### TASK DESCRIPTION:
From the listing below, set down exactly the lines between the one holding "Tại đây, Công" and the one holding "Images of patients.", inclusive. No other line is wanted.

### LISTED RECORDS:
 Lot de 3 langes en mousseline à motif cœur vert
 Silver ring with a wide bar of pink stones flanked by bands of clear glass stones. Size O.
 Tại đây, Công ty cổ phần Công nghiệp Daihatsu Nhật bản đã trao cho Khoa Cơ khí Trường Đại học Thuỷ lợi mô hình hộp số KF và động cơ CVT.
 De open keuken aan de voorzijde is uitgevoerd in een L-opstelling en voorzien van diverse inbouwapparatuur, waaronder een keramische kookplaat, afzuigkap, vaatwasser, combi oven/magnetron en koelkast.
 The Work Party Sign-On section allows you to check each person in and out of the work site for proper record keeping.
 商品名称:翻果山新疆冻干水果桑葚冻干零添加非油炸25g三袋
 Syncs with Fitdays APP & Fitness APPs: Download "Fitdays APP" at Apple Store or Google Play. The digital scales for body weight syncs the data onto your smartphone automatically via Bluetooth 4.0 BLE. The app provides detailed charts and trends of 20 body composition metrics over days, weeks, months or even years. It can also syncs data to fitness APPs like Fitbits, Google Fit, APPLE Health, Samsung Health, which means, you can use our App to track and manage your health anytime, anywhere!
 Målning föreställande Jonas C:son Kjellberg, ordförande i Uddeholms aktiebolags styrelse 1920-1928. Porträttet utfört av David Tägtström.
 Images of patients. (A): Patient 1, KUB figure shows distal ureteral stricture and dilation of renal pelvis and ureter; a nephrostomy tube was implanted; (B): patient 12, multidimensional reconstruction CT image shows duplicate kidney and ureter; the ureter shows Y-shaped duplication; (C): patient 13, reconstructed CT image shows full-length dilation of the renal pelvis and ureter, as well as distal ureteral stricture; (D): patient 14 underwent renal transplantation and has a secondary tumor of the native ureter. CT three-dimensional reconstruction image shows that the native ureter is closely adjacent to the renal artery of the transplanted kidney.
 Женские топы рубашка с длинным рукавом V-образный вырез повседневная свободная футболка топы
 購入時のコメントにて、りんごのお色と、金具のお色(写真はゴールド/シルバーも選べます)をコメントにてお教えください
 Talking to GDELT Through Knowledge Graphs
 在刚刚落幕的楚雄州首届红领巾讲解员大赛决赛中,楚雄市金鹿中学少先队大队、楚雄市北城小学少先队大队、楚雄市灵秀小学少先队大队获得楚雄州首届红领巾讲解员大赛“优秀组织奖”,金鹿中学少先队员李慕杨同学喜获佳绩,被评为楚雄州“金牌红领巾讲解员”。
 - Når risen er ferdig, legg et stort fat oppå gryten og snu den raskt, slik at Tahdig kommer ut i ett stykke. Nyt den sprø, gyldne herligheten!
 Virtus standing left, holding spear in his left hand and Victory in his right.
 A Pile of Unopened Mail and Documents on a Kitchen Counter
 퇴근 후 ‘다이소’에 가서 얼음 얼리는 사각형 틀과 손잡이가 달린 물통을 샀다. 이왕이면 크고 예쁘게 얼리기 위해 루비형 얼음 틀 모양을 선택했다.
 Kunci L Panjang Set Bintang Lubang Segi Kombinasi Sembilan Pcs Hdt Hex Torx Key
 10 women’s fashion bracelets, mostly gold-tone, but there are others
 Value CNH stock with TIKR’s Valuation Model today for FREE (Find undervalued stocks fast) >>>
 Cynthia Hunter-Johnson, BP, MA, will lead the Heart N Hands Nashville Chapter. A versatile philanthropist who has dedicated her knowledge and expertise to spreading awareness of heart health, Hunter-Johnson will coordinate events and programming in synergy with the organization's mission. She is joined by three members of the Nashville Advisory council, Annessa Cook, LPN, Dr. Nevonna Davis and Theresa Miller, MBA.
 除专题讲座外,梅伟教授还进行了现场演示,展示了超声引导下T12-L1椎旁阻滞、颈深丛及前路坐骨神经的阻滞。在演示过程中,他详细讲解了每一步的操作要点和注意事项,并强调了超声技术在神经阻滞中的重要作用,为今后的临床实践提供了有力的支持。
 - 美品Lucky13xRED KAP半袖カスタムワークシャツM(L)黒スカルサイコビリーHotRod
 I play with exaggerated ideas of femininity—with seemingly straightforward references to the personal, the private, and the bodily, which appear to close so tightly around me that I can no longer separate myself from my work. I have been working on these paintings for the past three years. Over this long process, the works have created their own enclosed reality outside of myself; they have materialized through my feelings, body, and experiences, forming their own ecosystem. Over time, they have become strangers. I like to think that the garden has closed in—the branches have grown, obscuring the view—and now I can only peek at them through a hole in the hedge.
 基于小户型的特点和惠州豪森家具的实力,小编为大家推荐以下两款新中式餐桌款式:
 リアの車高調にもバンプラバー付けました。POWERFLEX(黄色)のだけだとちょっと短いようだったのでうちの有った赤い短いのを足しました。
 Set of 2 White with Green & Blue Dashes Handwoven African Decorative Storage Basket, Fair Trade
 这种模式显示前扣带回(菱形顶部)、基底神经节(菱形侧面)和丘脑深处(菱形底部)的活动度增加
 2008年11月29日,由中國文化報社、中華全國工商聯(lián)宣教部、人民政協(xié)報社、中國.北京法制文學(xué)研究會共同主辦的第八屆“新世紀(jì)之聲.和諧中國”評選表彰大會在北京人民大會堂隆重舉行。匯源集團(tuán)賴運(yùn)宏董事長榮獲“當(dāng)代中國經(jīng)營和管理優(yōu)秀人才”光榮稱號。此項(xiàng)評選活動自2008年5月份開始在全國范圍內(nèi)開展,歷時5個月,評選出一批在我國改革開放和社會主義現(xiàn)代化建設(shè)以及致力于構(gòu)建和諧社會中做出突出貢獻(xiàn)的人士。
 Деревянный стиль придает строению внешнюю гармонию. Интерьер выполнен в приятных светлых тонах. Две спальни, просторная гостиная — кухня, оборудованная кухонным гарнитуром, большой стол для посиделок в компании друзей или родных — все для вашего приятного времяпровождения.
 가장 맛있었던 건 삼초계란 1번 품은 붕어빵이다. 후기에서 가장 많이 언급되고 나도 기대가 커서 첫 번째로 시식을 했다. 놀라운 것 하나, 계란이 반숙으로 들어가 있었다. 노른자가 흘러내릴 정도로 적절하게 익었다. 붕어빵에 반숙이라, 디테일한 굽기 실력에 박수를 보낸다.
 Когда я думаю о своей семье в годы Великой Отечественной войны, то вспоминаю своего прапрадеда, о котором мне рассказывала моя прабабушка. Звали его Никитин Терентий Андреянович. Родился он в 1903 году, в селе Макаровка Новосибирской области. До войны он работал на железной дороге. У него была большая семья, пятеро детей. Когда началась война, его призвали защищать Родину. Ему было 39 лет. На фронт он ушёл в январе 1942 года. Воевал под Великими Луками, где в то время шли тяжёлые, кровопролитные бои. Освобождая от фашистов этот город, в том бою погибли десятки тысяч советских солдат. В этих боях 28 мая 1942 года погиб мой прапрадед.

### SOLUTION TO THIS PROBLEM:
 Tại đây, Công ty cổ phần Công nghiệp Daihatsu Nhật bản đã trao cho Khoa Cơ khí Trường Đại học Thuỷ lợi mô hình hộp số KF và động cơ CVT.
 De open keuken aan de voorzijde is uitgevoerd in een L-opstelling en voorzien van diverse inbouwapparatuur, waaronder een keramische kookplaat, afzuigkap, vaatwasser, combi oven/magnetron en koelkast.
 The Work Party Sign-On section allows you to check each person in and out of the work site for proper record keeping.
 商品名称:翻果山新疆冻干水果桑葚冻干零添加非油炸25g三袋
 Syncs with Fitdays APP & Fitness APPs: Download "Fitdays APP" at Apple Store or Google Play. The digital scales for body weight syncs the data onto your smartphone automatically via Bluetooth 4.0 BLE. The app provides detailed charts and trends of 20 body composition metrics over days, weeks, months or even years. It can also syncs data to fitness APPs like Fitbits, Google Fit, APPLE Health, Samsung Health, which means, you can use our App to track and manage your health anytime, anywhere!
 Målning föreställande Jonas C:son Kjellberg, ordförande i Uddeholms aktiebolags styrelse 1920-1928. Porträttet utfört av David Tägtström.
 Images of patients. (A): Patient 1, KUB figure shows distal ureteral stricture and dilation of renal pelvis and ureter; a nephrostomy tube was implanted; (B): patient 12, multidimensional reconstruction CT image shows duplicate kidney and ureter; the ureter shows Y-shaped duplication; (C): patient 13, reconstructed CT image shows full-length dilation of the renal pelvis and ureter, as well as distal ureteral stricture; (D): patient 14 underwent renal transplantation and has a secondary tumor of the native ureter. CT three-dimensional reconstruction image shows that the native ureter is closely adjacent to the renal artery of the transplanted kidney.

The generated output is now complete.